Based on the reconstructed bank–asset network and the proposed vulnerability measurement framework, we conduct a simulation analysis to examine how risk contagion propagates and amplifies systemic vulnerability. The simulation analysis incorporates the following key parameters: network size, risk exposure, leverage, external shock, asset price impact, and fire-sales effect. Network size and risk exposure parameters are derived directly from the reconstructed network. The leverage threshold is set as a fixed value of LEV = 4% as derived from the policy for simplicity. Following the risk contagion model and vulnerability measurement, the external shock parameter $p$, asset fire-sale coefficient $\alpha$, and market panic coefficient $\xi$ can be all set within $\mathrm{p}\in [0,1]$, $\alpha \in [0,1]$ and $\xi \in \left[\mathrm{0,1}\right]$.

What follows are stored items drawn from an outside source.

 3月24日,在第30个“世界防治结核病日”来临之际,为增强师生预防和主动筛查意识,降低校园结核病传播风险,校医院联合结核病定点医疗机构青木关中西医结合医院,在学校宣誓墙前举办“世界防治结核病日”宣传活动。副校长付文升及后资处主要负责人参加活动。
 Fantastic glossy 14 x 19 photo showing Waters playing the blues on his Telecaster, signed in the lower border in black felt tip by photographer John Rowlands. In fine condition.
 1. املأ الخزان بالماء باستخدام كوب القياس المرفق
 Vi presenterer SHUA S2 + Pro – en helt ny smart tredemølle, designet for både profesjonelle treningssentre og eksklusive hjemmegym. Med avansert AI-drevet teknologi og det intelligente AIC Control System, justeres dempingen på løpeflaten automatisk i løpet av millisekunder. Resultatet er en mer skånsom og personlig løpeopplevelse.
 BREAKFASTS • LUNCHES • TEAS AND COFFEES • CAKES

4.1. Measuring Network Aggregate Vulnerability

In terms of the external shock parameter $p$, three benchmark values (low, medium, high) are generated randomly according to the empirical work by Greenwood et al. [21] and Fricke et al. [23] to evaluate how the different magnitude external shocks affect the vulnerability of the network system, which are $p=15\%$, $p=25\%$ and $p=35\%,$ respectively. On the metric of aggregate vulnerability, the cumulative losses from risk contagion caused by bank deleveraging and asset fire sales, expressed as the percentage of total banking sector equity that would be eroded. Holding all the other parameters at their default values, we conduct the simulation analysis to measure network vulnerability for each year from 2016 to 2022 as follows.

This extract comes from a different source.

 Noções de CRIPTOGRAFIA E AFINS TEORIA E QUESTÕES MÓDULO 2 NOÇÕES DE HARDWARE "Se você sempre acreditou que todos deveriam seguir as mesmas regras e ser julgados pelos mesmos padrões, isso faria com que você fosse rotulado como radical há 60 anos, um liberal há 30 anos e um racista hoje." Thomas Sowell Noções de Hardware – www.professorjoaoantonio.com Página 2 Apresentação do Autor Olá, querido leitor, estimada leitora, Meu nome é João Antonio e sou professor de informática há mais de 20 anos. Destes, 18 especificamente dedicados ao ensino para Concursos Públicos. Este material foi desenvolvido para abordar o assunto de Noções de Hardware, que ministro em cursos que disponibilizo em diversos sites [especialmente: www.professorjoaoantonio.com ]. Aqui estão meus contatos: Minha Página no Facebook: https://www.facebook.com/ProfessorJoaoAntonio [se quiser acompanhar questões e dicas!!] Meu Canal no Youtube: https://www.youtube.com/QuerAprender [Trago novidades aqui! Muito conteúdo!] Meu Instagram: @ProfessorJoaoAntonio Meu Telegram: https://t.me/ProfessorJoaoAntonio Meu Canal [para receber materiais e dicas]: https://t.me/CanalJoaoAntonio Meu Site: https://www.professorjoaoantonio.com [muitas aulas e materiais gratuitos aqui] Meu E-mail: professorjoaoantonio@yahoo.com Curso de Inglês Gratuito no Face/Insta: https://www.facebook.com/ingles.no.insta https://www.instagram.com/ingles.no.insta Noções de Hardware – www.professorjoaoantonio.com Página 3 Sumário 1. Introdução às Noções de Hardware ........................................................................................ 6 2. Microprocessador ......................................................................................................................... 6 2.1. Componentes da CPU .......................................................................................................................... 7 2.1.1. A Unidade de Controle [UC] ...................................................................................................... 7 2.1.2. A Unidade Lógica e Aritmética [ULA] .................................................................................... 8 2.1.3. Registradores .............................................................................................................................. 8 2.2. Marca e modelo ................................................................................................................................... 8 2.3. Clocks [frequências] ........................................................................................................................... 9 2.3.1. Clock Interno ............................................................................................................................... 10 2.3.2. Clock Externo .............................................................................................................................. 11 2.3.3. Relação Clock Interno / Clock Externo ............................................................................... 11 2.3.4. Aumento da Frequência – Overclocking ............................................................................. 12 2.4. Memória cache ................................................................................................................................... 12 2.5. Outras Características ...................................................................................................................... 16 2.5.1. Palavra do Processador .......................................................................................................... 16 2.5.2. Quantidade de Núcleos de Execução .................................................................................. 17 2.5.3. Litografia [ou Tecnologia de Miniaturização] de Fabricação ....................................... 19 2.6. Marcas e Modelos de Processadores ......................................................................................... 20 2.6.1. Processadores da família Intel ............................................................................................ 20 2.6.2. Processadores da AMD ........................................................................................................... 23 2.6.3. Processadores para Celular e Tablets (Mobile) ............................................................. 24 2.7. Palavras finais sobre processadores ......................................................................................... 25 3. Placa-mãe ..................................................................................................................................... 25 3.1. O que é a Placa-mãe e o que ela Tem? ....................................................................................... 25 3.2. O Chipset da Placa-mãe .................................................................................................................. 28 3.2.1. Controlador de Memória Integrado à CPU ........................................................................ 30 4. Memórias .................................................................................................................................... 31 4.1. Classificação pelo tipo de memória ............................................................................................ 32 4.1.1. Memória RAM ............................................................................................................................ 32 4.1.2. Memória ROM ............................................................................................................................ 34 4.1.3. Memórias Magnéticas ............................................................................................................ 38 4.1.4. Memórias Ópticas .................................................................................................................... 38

Figure 6 depicts the vulnerability of bank–asset networks under different initial external shock scenarios from 2016 to 2022. Overall, the trajectory of network vulnerability is consistent across this period, with the magnitude of equity erosion generally decreasing over time. Under the three shock scenarios, the aggregate network maintained a relatively constant loss level from 2020 to 2022, showing no sharp increases or decreases despite variations in shock intensity. In contrast, the aggregate losses were significantly higher between 2016 and 2019 than those in the subsequent three-year period. The network aggregate vulnerability is $AV\ast \sum _i{E}_{i,0}={\sum }_{i=1}^N{\sum }_T{Loss}_{i,T}=\alpha \sum _{i=1}(\xi B_{i,j,T}^{Oth}+{\lambda }_{i,j,T}{B}_{i,j,T}^{Del}+B_{i,j,T}^{Def})$. To understand the intuition behind the above equation, we can rearrange the terms slightly and expand $AV\ast \sum _i{E}_{i,0}={\sum }_{i=1}^N{\sum }_T{Loss}_{i,T}={\sum }_{i,T}{\gamma }_{i,T}{\mathcal{L}}_{i,T}{B}_{i,T}{\mathcal{R}}_{i,T}$, where ${\gamma }_{i,T}={\sum }_j\left({\sum }_j{B}_j{S}_{ij}\right)l_k{S}_{ij}$ measures the connection among bank $i$. This is the extent to which bank owns $i$ owns large or illiquid asset classes. According to this formulation, systemic risk increases with larger values of network structure ${\gamma }_{i,T}$, leverage ${\mathcal{L}}_{i,T}$, and risk exposure $B_{i,T}$, or when exposed to the shock effect ${\mathcal{R}}_{i,T}$. This implies that systemic vulnerability is amplified when large, highly leveraged banks are exposed to a shock, triggering substantial asset sales. Furthermore, if these exposed banks hold illiquid assets, the resulting large price impact can render the entire network system more vulnerable.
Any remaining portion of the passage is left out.